#### Your objective:
Wherever a picture appears, skip it and retype the rest of the data exactly.

═════ Available records

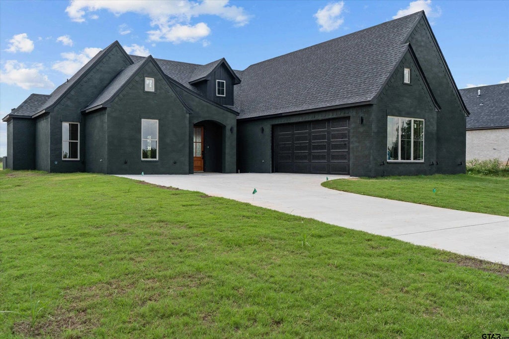 Looking for the perfect mix of countryside charm and modern convenience? This brand-new Tudor-inspired home has it all. Sitting on half an acre in one of the area’s newest communities, you’ll enjoy peaceful county living while still being just minutes from I-20, schools, shops, and restaurants. Inside, 2,026 square feet of thoughtfully designed space welcomes you in. The open floor plan highlights tall vaulted ceilings, warm wood accents, and a striking fireplace that anchors the living room. The kitchen is both beautiful and functional with custom cabinetry, quartz countertops, and a hidden walk-in pantry you have to see in person. The primary suite feels like a retreat with bamboo tile details, a soaking tub, and a walk-in shower. Three additional bedrooms and a second full bath keep the layout flexible for family, guests, or even a home office. Step outside to the extended back porch, the perfect spot for slow mornings or evenings spent with friends. Homes can be beautiful but not always practical. This one gives you both — smart design that works for everyday life, style that truly stands out, and a location in award-winning Lindale ISD that makes daily life easier. You can scroll through dozens of listings, but the truth is most of them do not feel like this.
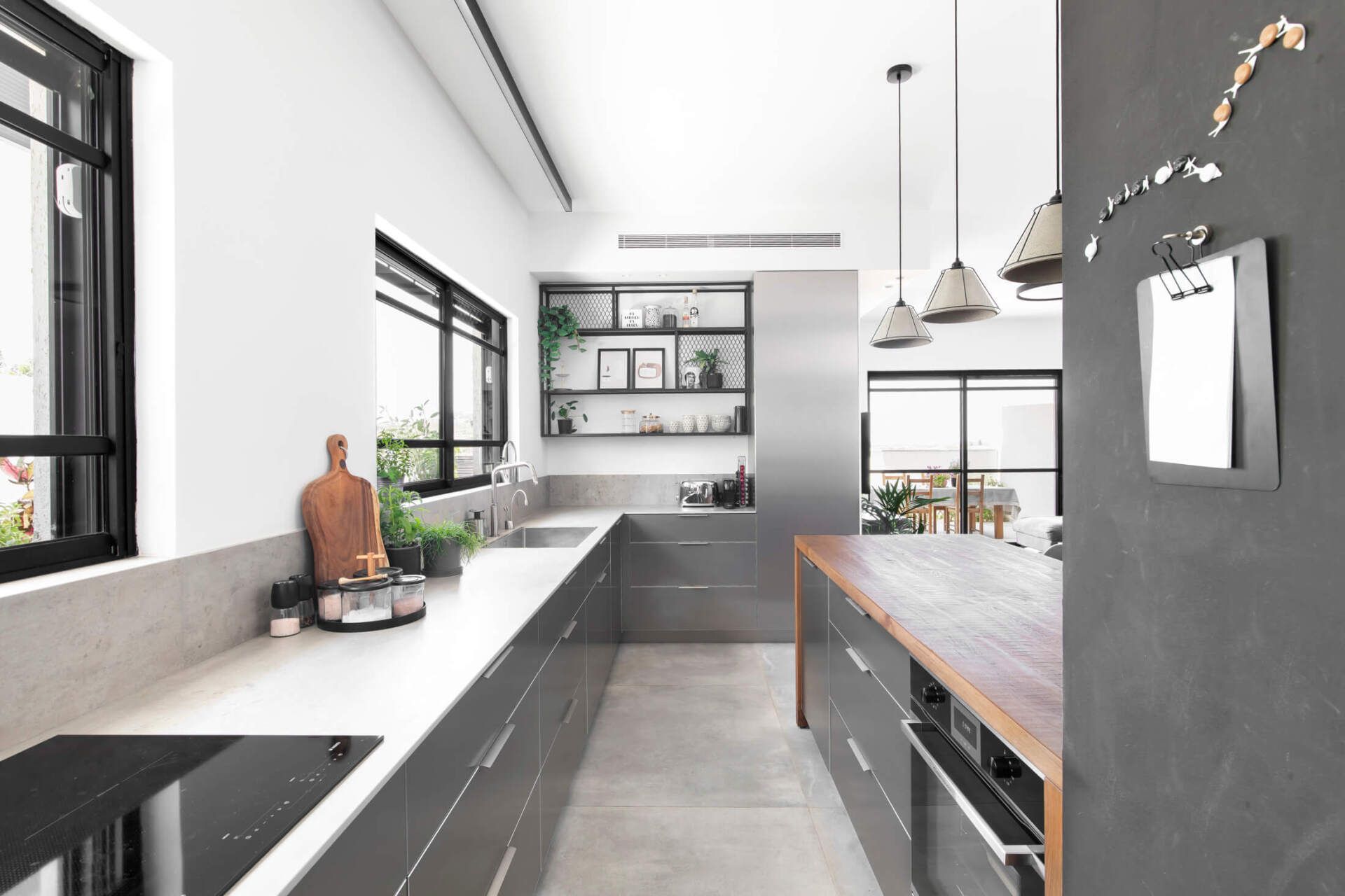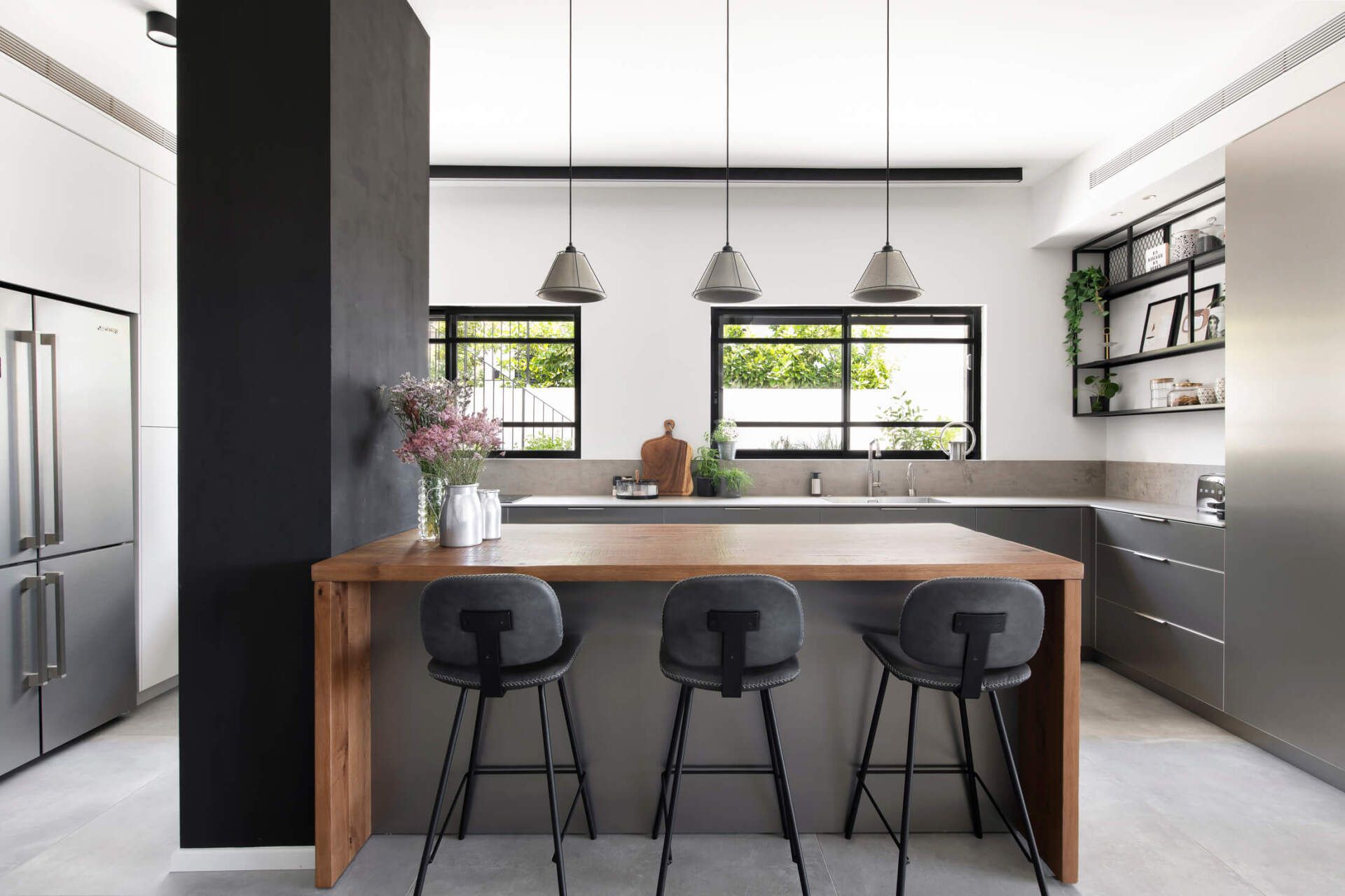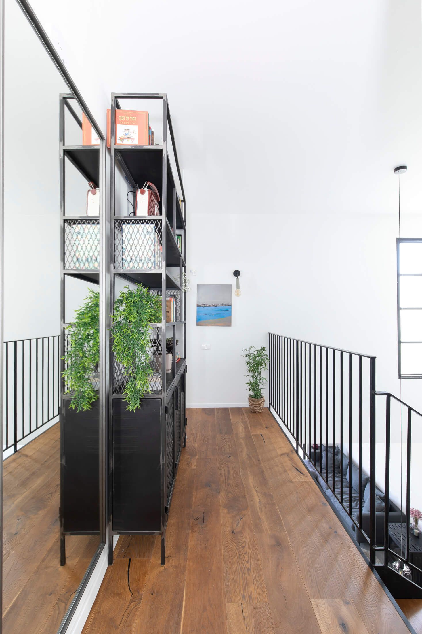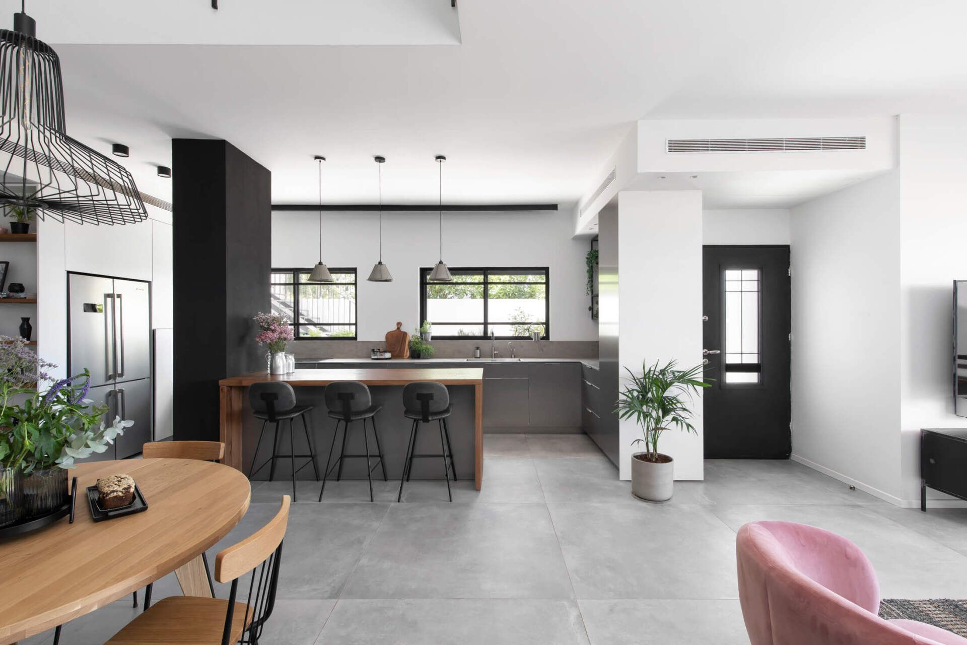 העמוד שקיים במטבח הודגש בצביעה מגנטית שחורה, ויצר אלמנט מרכזי במטבח. חזרה על הנגיעות השחורות נבחרו באלומיניום, ובמדרגות הקלות מברזל העולות לקומת המגורים.
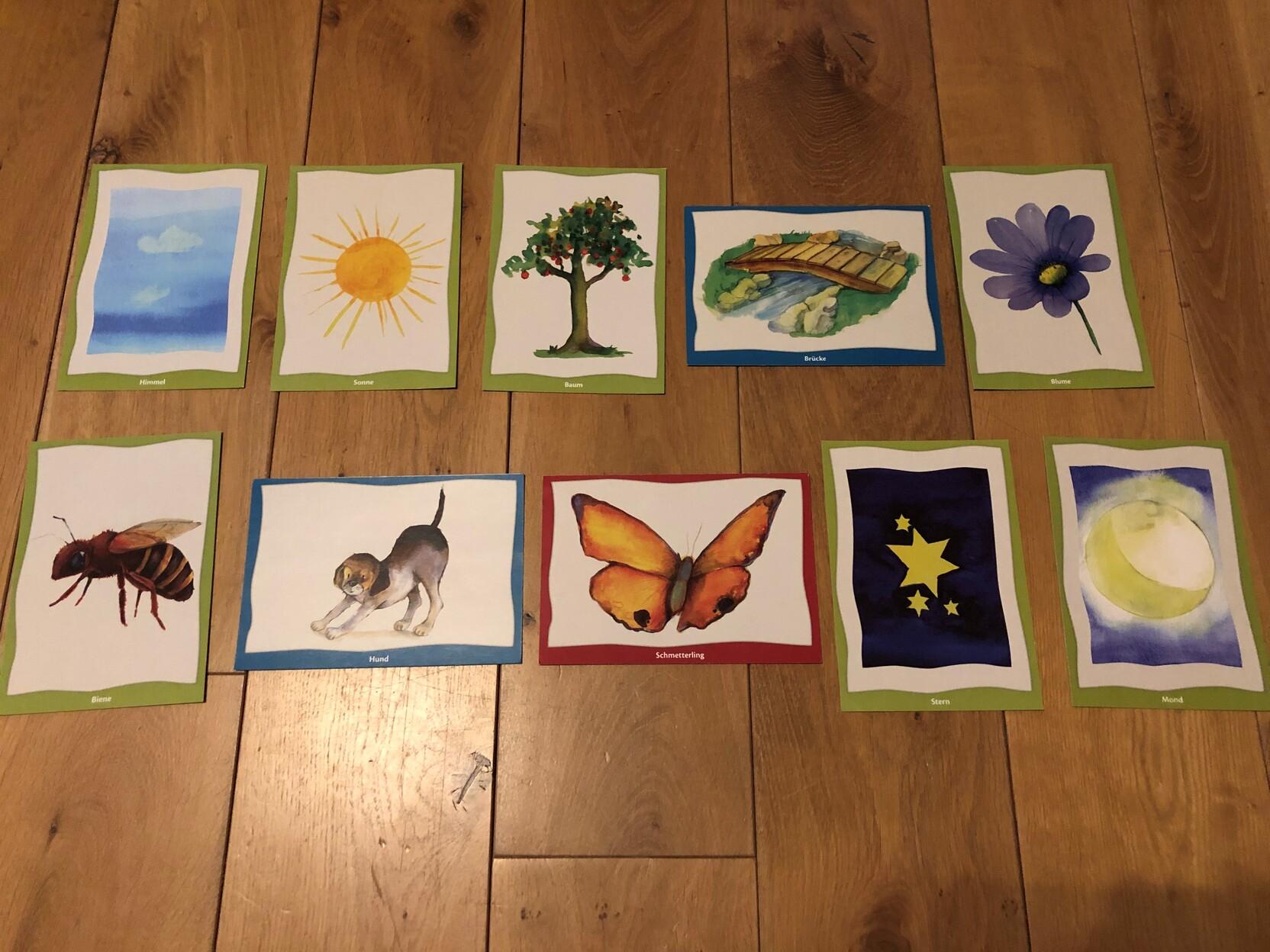 Die Sonne (Karte Sonne)schien mit ihren schönsten Strahlen und wärmte uns nach dem langen Winter nun. Auf unserem Frühlingsspaziergang kamen wir nun an einem Baum(Karte Baum)vorbei. Diesen schauten wir uns ein wenig näher an. Es waren schon die ersten Blüten zu sehen. Danach gingen wir über eine Brücke (Karte Brücke) und entdeckten am anderen Ufer eine wunderschöne Blume (Karte Blume). Sie duftete herrlich. Als wir näher herangingen, flog eine Biene aus der Blume heraus. Das waren die ersten Frühlingsboten. Die Biene entdeckte auch ein kleiner Hund (Karte Hund), der neugierig angelaufen kam. Er versuchte die Biene zu fangen und scheuchte dabei einen Schmetterling(Karte Schnetterling)auf. Dieser flog hoch in den Himmel. Erst da bemerkten wir, dass es schon langsam dunkler wurde. Die ersten Sterne (Karte Sterne) waren schon zu sehen und auch den Mond entdeckten wir nun. Es war ein wunderschöner Frühlingstag mit vielen schönen Entdeckungen.
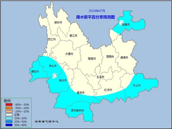 降水。德宏州、保山市、臨滄市西部、普洱市南部、西雙版納州、紅河州南部、文山州南部、昭通市偏多10%~20%,其余地區(qū)接近常年。(圖1)
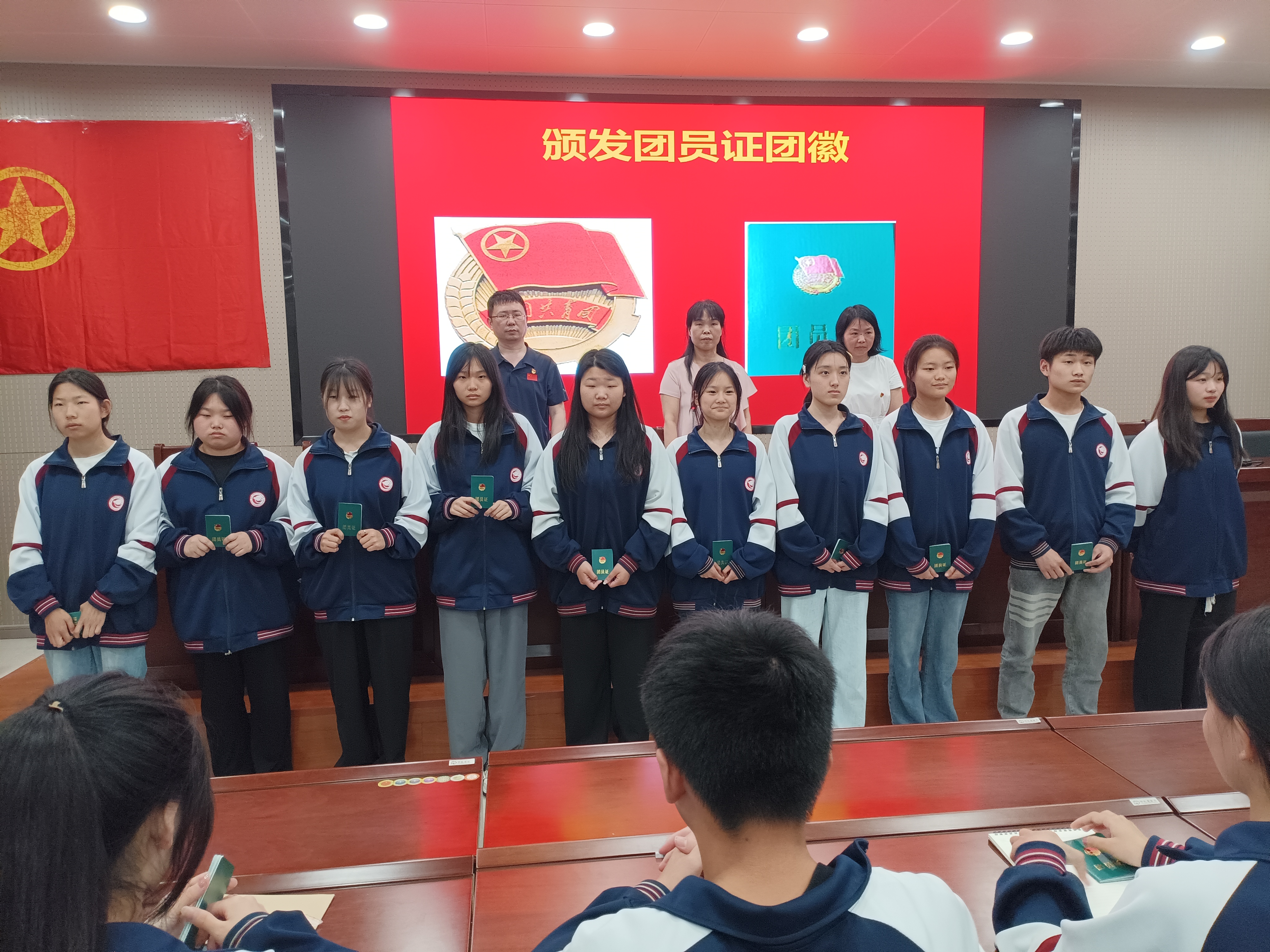 在雄壮的国歌声中,入团宣誓仪式正式开始。郭书记宣读了《关于2023年春期发展新团员的决定》,段书记为方潇潇等50名新团员颁发团徽、团章及团证,团学会周凯学同学带领新团员们面对鲜艳的团旗进行了郑重的入团宣誓。入团介绍人代表郭英同志宣读了《团章》中有关团员的义务和权利的条款,新团员代表和老团员代表也依次进行了发言并表达了在以后工作充分发挥团员模范带头作用,践行“请党放心、强国有我”的青春誓言。

══════════

#### Result:
 Looking for the perfect mix of countryside charm and modern convenience? This brand-new Tudor-inspired home has it all. Sitting on half an acre in one of the area’s newest communities, you’ll enjoy peaceful county living while still being just minutes from I-20, schools, shops, and restaurants. Inside, 2,026 square feet of thoughtfully designed space welcomes you in. The open floor plan highlights tall vaulted ceilings, warm wood accents, and a striking fireplace that anchors the living room. The kitchen is both beautiful and functional with custom cabinetry, quartz countertops, and a hidden walk-in pantry you have to see in person. The primary suite feels like a retreat with bamboo tile details, a soaking tub, and a walk-in shower. Three additional bedrooms and a second full bath keep the layout flexible for family, guests, or even a home office. Step outside to the extended back porch, the perfect spot for slow mornings or evenings spent with friends. Homes can be beautiful but not always practical. This one gives you both — smart design that works for everyday life, style that truly stands out, and a location in award-winning Lindale ISD that makes daily life easier. You can scroll through dozens of listings, but the truth is most of them do not feel like this.
 העמוד שקיים במטבח הודגש בצביעה מגנטית שחורה, ויצר אלמנט מרכזי במטבח. חזרה על הנגיעות השחורות נבחרו באלומיניום, ובמדרגות הקלות מברזל העולות לקומת המגורים.
 Die Sonne (Karte Sonne)schien mit ihren schönsten Strahlen und wärmte uns nach dem langen Winter nun. Auf unserem Frühlingsspaziergang kamen wir nun an einem Baum(Karte Baum)vorbei. Diesen schauten wir uns ein wenig näher an. Es waren schon die ersten Blüten zu sehen. Danach gingen wir über eine Brücke (Karte Brücke) und entdeckten am anderen Ufer eine wunderschöne Blume (Karte Blume). Sie duftete herrlich. Als wir näher herangingen, flog eine Biene aus der Blume heraus. Das waren die ersten Frühlingsboten. Die Biene entdeckte auch ein kleiner Hund (Karte Hund), der neugierig angelaufen kam. Er versuchte die Biene zu fangen und scheuchte dabei einen Schmetterling(Karte Schnetterling)auf. Dieser flog hoch in den Himmel. Erst da bemerkten wir, dass es schon langsam dunkler wurde. Die ersten Sterne (Karte Sterne) waren schon zu sehen und auch den Mond entdeckten wir nun. Es war ein wunderschöner Frühlingstag mit vielen schönen Entdeckungen.
 降水。德宏州、保山市、臨滄市西部、普洱市南部、西雙版納州、紅河州南部、文山州南部、昭通市偏多10%~20%,其余地區(qū)接近常年。(圖1)
 在雄壮的国歌声中,入团宣誓仪式正式开始。郭书记宣读了《关于2023年春期发展新团员的决定》,段书记为方潇潇等50名新团员颁发团徽、团章及团证,团学会周凯学同学带领新团员们面对鲜艳的团旗进行了郑重的入团宣誓。入团介绍人代表郭英同志宣读了《团章》中有关团员的义务和权利的条款,新团员代表和老团员代表也依次进行了发言并表达了在以后工作充分发挥团员模范带头作用,践行“请党放心、强国有我”的青春誓言。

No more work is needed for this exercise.